Nello scenario peggiore (quello con un aumento fino a cinque gradi per il 2100) si assiste alla diminuzione delle precipitazioni estive nelle regioni del Centro e del Sud; ma con un aumento di eventi estremi e precipitazioni più intense. Cosa che è già evidente negli ultimi 20 anni, con un aumento del 9% della probabilità del rischio. 

E per esempio prendendo sempre in considerazione la descrizione peggiore di quello che potrebbe accadere, nel periodo 2071-2100 i costi dei rischi legati alle alluvioni sono pari a 15,3 miliardi di euro all’anno, fino a 5,7 miliardi per colpa dell’innalzamento del mare, e una cifra che va da 87 a 162 miliardi il ‘peso’ del decremento dei terreni agricoli; con la riduzione della domanda turistica che potrebbe scendere fino a 52 miliardi di euro.

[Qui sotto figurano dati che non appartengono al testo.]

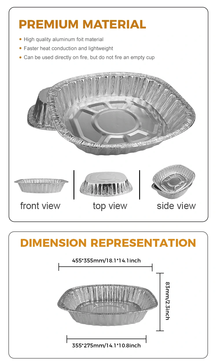Ang Yunchu aluminyo foil supplier's malaking kapasidad na inihaw na manok ng grid na pilak na aluminyo na lalagyan ng foil ay madaling mailagay sa mga kagamitan tulad ng mga malalaking oven, steamers, o freezer. Ang bigat ng produkto ay katamtaman, maaari itong magdala ng bigat ng iba't ibang mga item, at ang hugis at istraktura ay madaling i -stack nang maayos, epektibong nagse -save ng puwang ng transportasyon. Ang produkto ay gawa sa teknolohiya ng light wall, na may isang makinis at malinis na ibabaw, na kung saan ay maginhawa para sa mga malalaking supermarket upang mag -label at mag -scan ng mga code.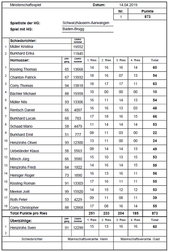 Meisterschaftsspiel vom 14.04.2019
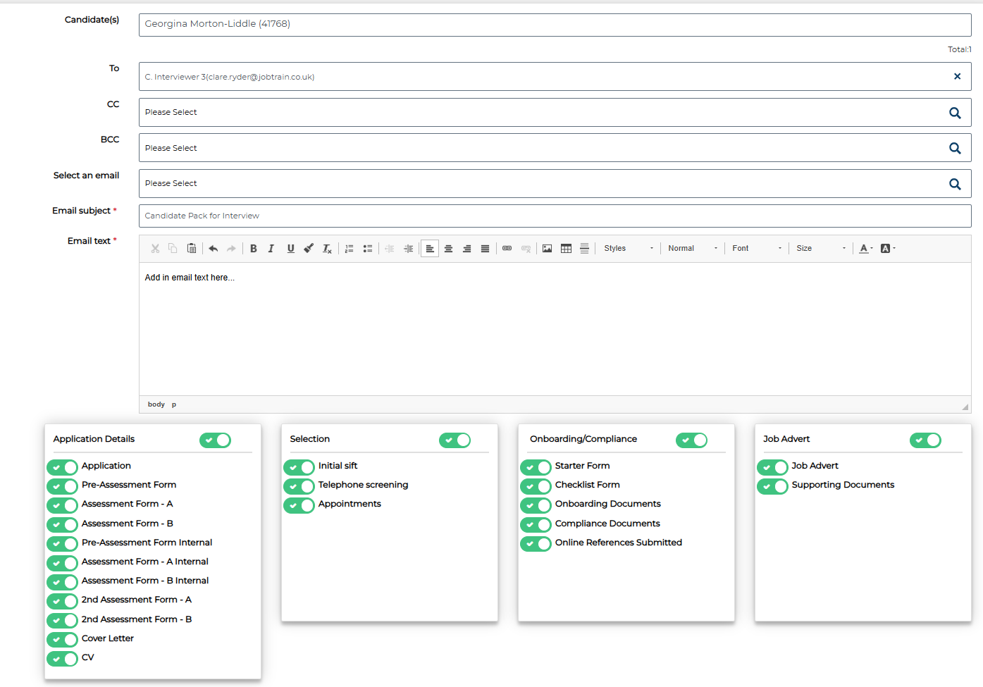 Then select which forms and documents from the candidate record you wish to forward using the toggle switches adjacent to each.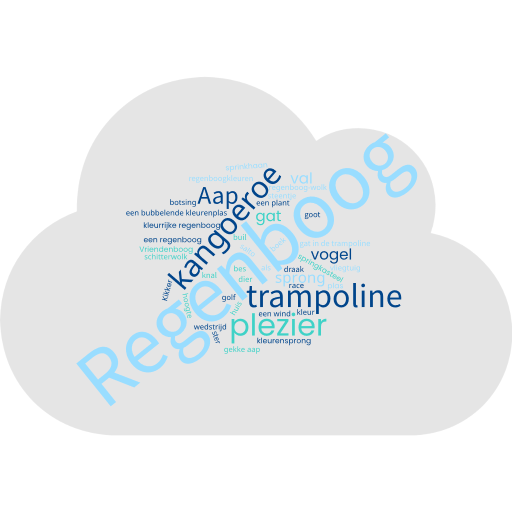 Ook een bubbelende kleurenplas vonden we schitterend. Alsof alle kleuren samen lachen, botsen, mengen en plezier maken. Net zoals kinderen op een trampoline. Want ook dat kwam vaak terug: sprong, salto, hoogte, val… Alleen spring je al ver, maar samen spring je hoger. Dat begrepen jullie helemaal.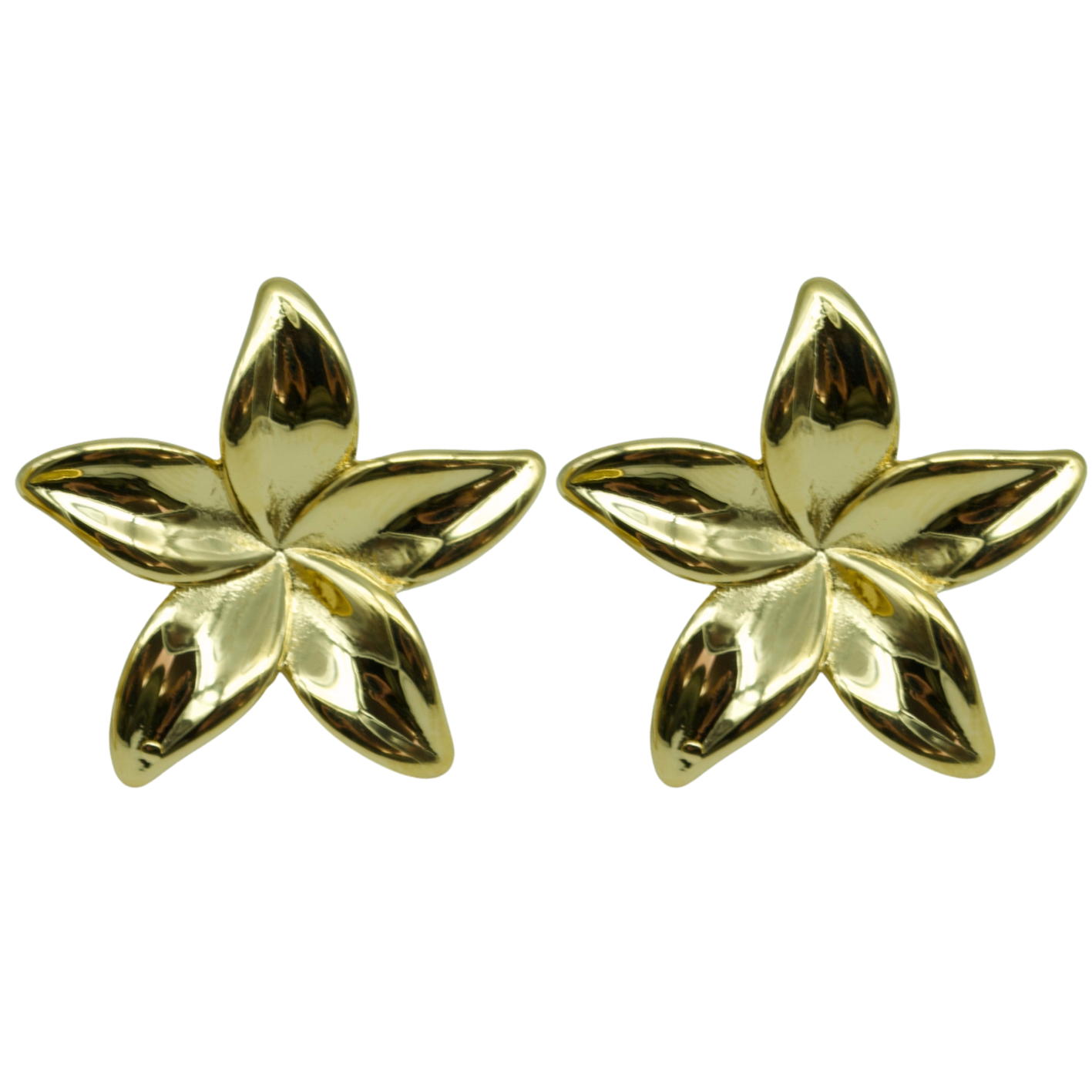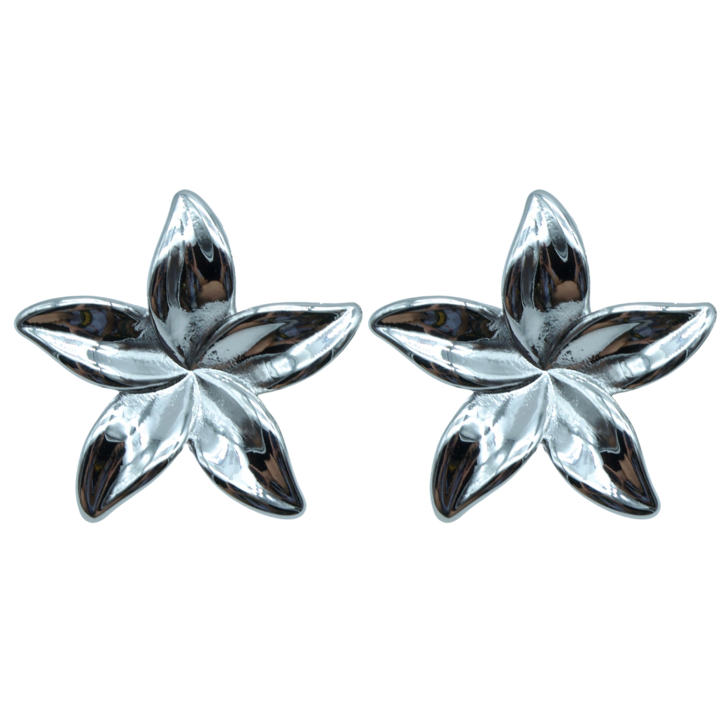 Aretes de Chapa de Oro de 14k. De diseño de flor. Disponibles solamente en plateado. 25 mm de largo.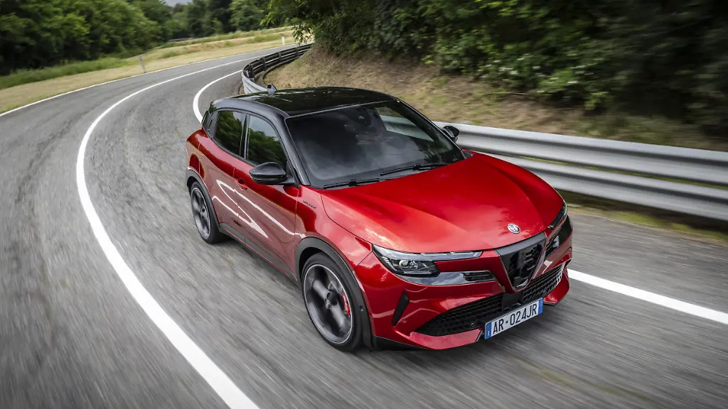 Die Grundzutaten des Batterie-Sportlers sind dabei durchaus ansehnlich. Die Italiener haben der im Konzern vielfältig genutzten CMP-Plattform von Stellantis einen schicken und eigenständigen Mini-Crossover abgerungen. Mit prägnantem "Scudetto"-Kühlergrill, schwungvoller Schulterlinie und coupéhaftem Dachverlauf ist der kleine Alfa sicherlich das dynamischste Familienmitglied im Kreis von Schwestermodellen wie Opel Mokka und Fiat 600. Das gilt für die Verbrennervarianten genauso wie für den Basis-Stromer - und durchaus auch für das an der Spitze der Baureihe platzierte elektrische "Veloce"-Modell.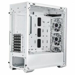 Le Cooler Master MasterBox MB520 Mesh ARGB est un boitier moyen tour aux courbes esthétiques avec trois ventilateurs ARGB. Avec sa fenêtre latérale en verre trempé et sa façade Mesh ajourée, le MB520 Mesh ARGB est un véritable bijou prêt à accueillir une configuration musclée. Son espace intérieur généreux permet d’installer une carte mère Mini-ITX, Micro-ATX ou ATX couplées à une carte graphique d’une longueur maximale de 410 mm. Avec son flux d’air optimisé et sa compatibilité watercooling, ce boitier assure à chaque composant un refroidissement optimal. Pour des effets incroyables, ce boîtier offre un rétro-éclairage synchronisé (ARGB) compatible avec les cartes mères ASUS, MSI, Gigabyte ou AsRock. Découvrez sans plus attendre un boitier complet disposant d’un excellent compromis prix/évolutivité.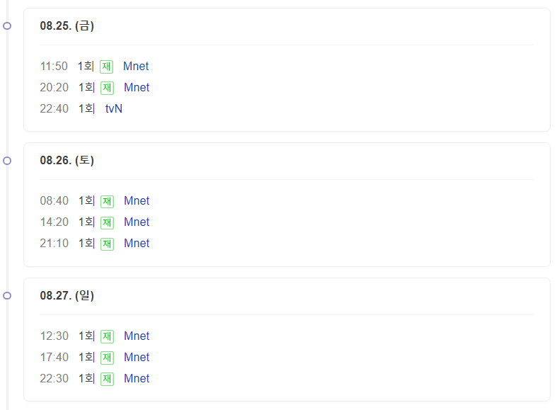 | 방송 채널 | Mnet(Genie), 티빙(TVING), SEENZ |

Siccità e caldo saranno la norma, con un aumento del numero di giorni torridi e di periodi senza pioggia. Va da se che l’Italia diventerà di fatto un Paese tropicale: le notti tipiche di queste aree del Pianeta, con la temperatura che non scende mai al di sotto dei 20 gradi, saranno 18 in più di qui al 2050 rispetto al periodo 1981-2010, con ricadute sulla salute e sui consumi energetici.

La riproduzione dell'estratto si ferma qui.